■ **Record set**
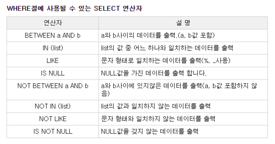 where 조건 절에서는 " 비교, 범위, 집합, 패턴, NULL, 복합조건" 등을 다룬다.
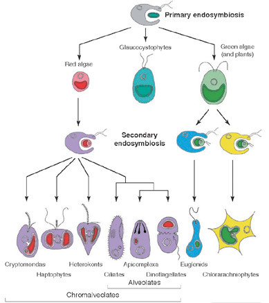 Все водоросли – это организмы, способные к фотосинтезу в большей или меньшей степени. Первыми такими организмами были сине-зеленые водоросли (Cyanobacteria Stanier, 1973), которые вообще являются бактериями. Позднее именно эти организмы вступят в симбиоз с одними из ранних одноклеточных эукариотов, дав тем самым начало предкам растений. Однако когда произойдет разделение ветвей красных и зеленых водорослей, уже они начнут вступать в симбиоз с другими одноклеточными, создав так называемые вторичные хлоропласты. В основном участвовали красные водоросли, зеленые дали начало хлоропластам лишь у двух групп. Давайте посмотрим на эти группы.
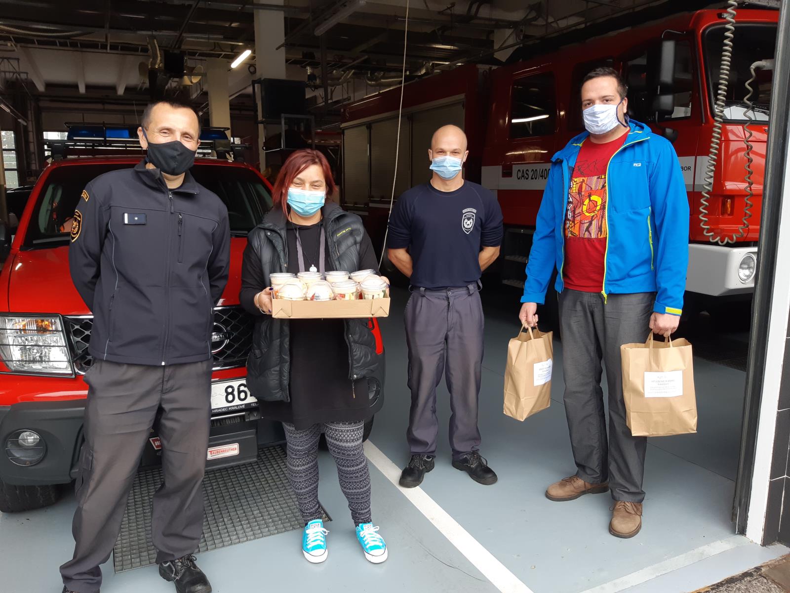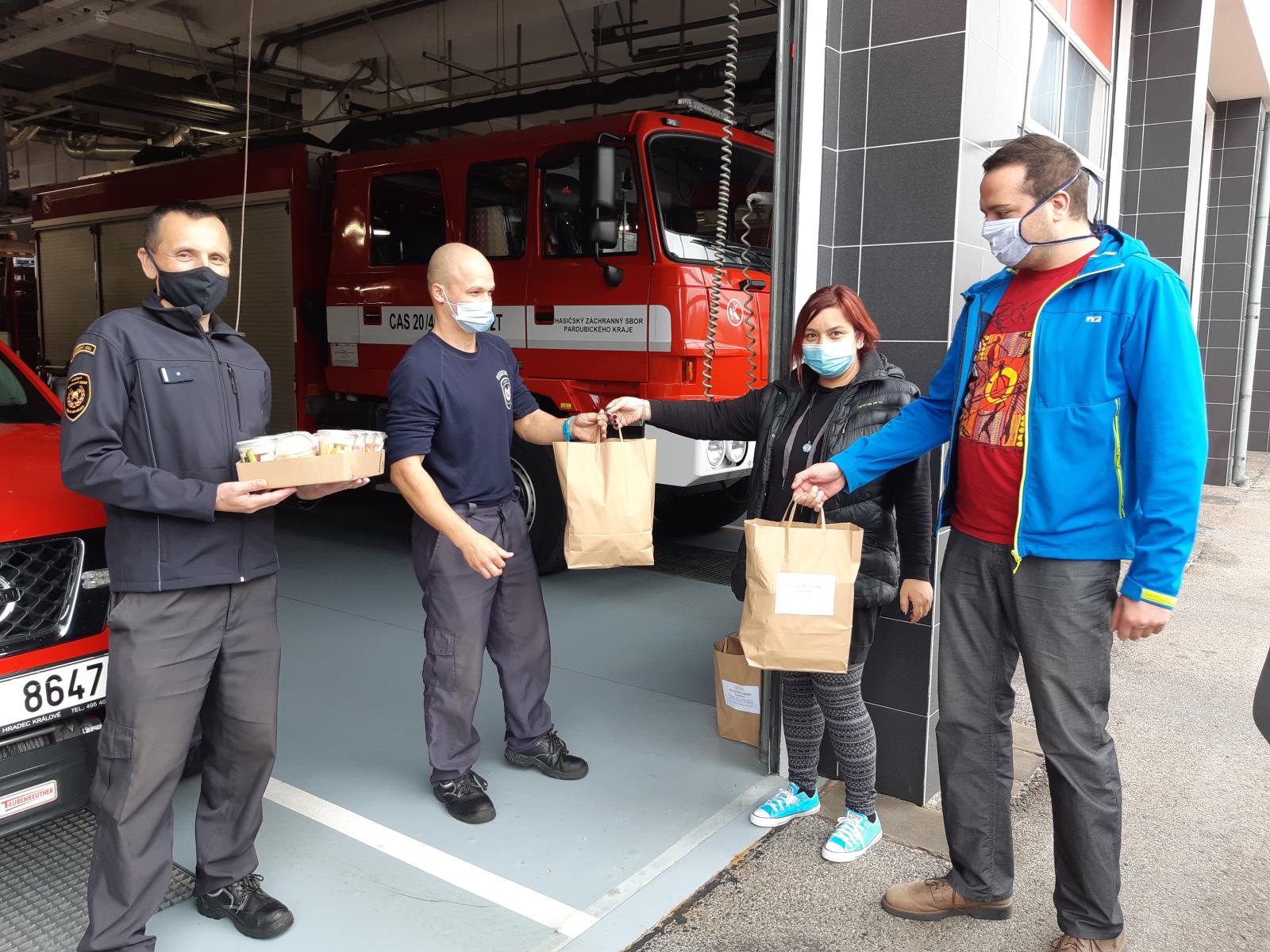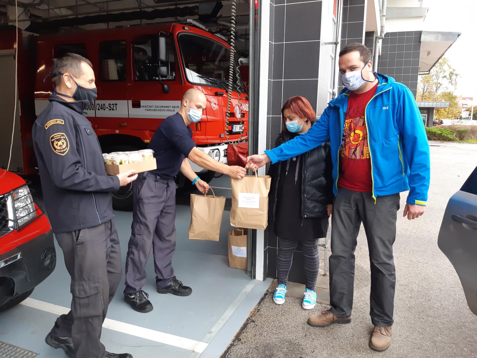 Svačinky si dnes od dvou milých lidí z Centra Kosatec převzali hasiči na stanici v Pardubicích.
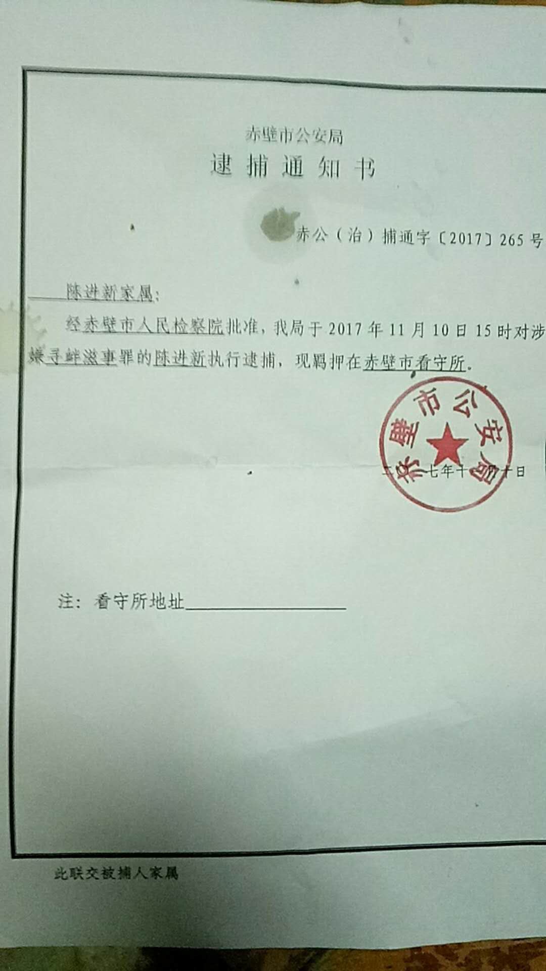 另外,赤壁陈剑雄的姐姐亦于日前收到赤壁市公安局发出的《逮捕通知书》,通知书显示赤壁市公安局是在11月10日经赤壁市检察院批准以“寻衅滋事罪”对陈剑雄进行逮捕的,羁押在赤壁市看守所。此事与陈剑雄女友梁一鸣(同案)取保后声称陈剑雄和袁兵已被逮捕的消息吻合,目前暂时未有袁兵家属收到《逮捕通知书》的消息,估计亦会在最近收到。由于陈剑雄身有旧患,梁一鸣取保后一度传出陈剑雄患病的消息。据梁一鸣猜测,陈剑雄在看守所患病可能与旧患有关。陈的旧患源于2014年3月围观黑龙江建三江事件,当时陈剑雄受到毒打后以致腰股位置受伤糜烂,可能由于当时该地环境恶劣导致细菌感染,致使伤口一直未能愈合,并经常复发炎症甚至流脓。由于目前陈剑雄案未有律师跟进,要等律师会见后才能确认详情。
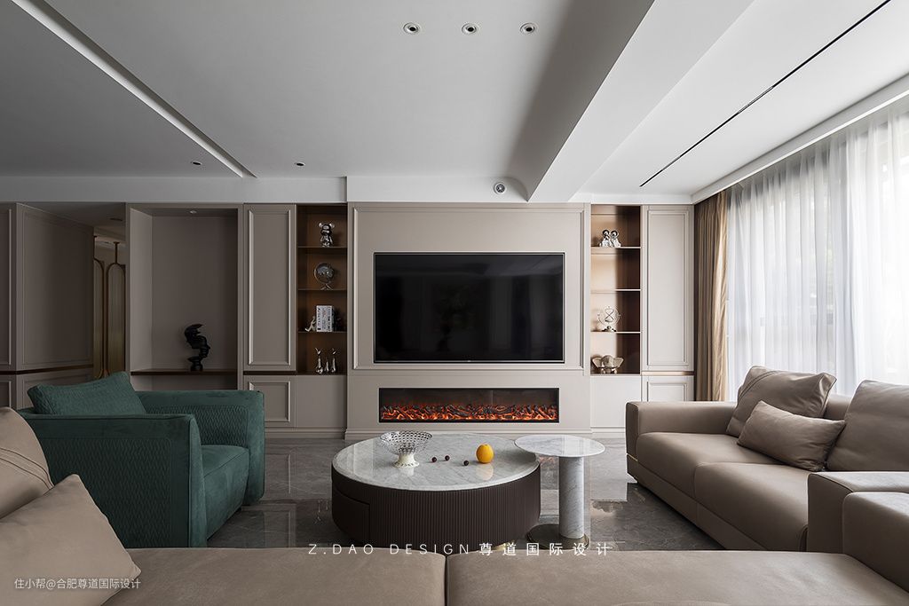 从院子进入室内,首先看到的是电视背景墙,原始阳台打掉,利用原始管道做了玄关收纳电视一体多功能柜子,壁炉的增添让整个空间更加温馨。沙发后面我们预留了亲子活动区,背景墙设计了收纳柜和展示柜,中间的区域预留出了钢琴区,给孩子长大后使用。
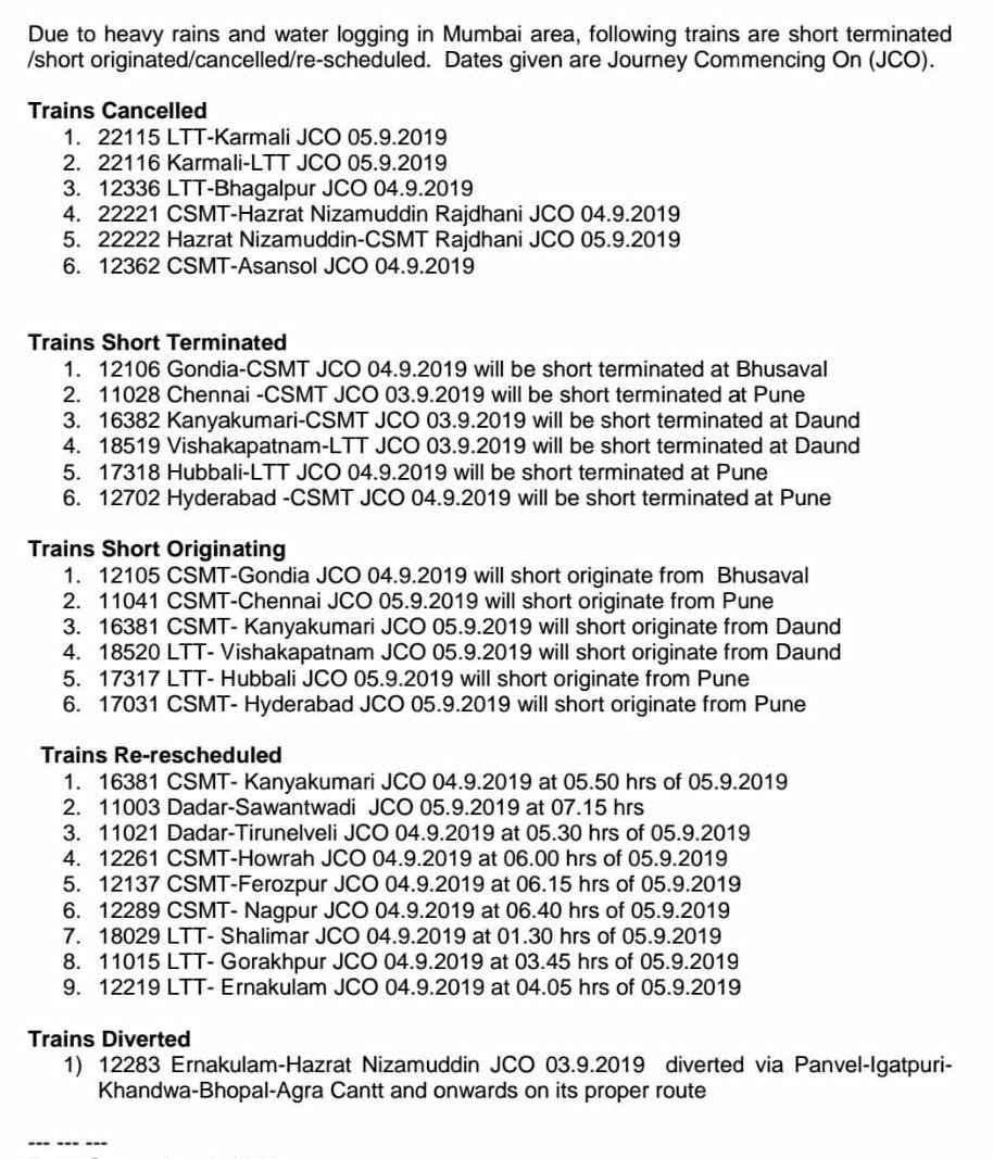UncategorisedMumbai updates : date 05/9/2019, time 0.10 5th Sep 2019 Rail Duniya Share this: Click to share on WhatsApp (Opens in new window) WhatsApp Click to share on X (Opens in new window) X Click to share on Facebook (Opens in new window) Facebook Click to share on Telegram (Opens in new window) Telegram Click to email a link to a friend (Opens in new window) Email Like Loading... Related Published by Rail Duniya Rail Duniya is a magazine publishing all India train timings since 1988. View all posts by Rail Duniya

■ **Task to carry out**
Reproduce the data above exactly, but only the lines from the one showing "Svačinky si dnes" through the one showing "另外,赤壁陈剑雄的姐姐亦于日", with both ends kept and the pictures left out.

■ **Exercise output**
 Svačinky si dnes od dvou milých lidí z Centra Kosatec převzali hasiči na stanici v Pardubicích.
 另外,赤壁陈剑雄的姐姐亦于日前收到赤壁市公安局发出的《逮捕通知书》,通知书显示赤壁市公安局是在11月10日经赤壁市检察院批准以“寻衅滋事罪”对陈剑雄进行逮捕的,羁押在赤壁市看守所。此事与陈剑雄女友梁一鸣(同案)取保后声称陈剑雄和袁兵已被逮捕的消息吻合,目前暂时未有袁兵家属收到《逮捕通知书》的消息,估计亦会在最近收到。由于陈剑雄身有旧患,梁一鸣取保后一度传出陈剑雄患病的消息。据梁一鸣猜测,陈剑雄在看守所患病可能与旧患有关。陈的旧患源于2014年3月围观黑龙江建三江事件,当时陈剑雄受到毒打后以致腰股位置受伤糜烂,可能由于当时该地环境恶劣导致细菌感染,致使伤口一直未能愈合,并经常复发炎症甚至流脓。由于目前陈剑雄案未有律师跟进,要等律师会见后才能确认详情。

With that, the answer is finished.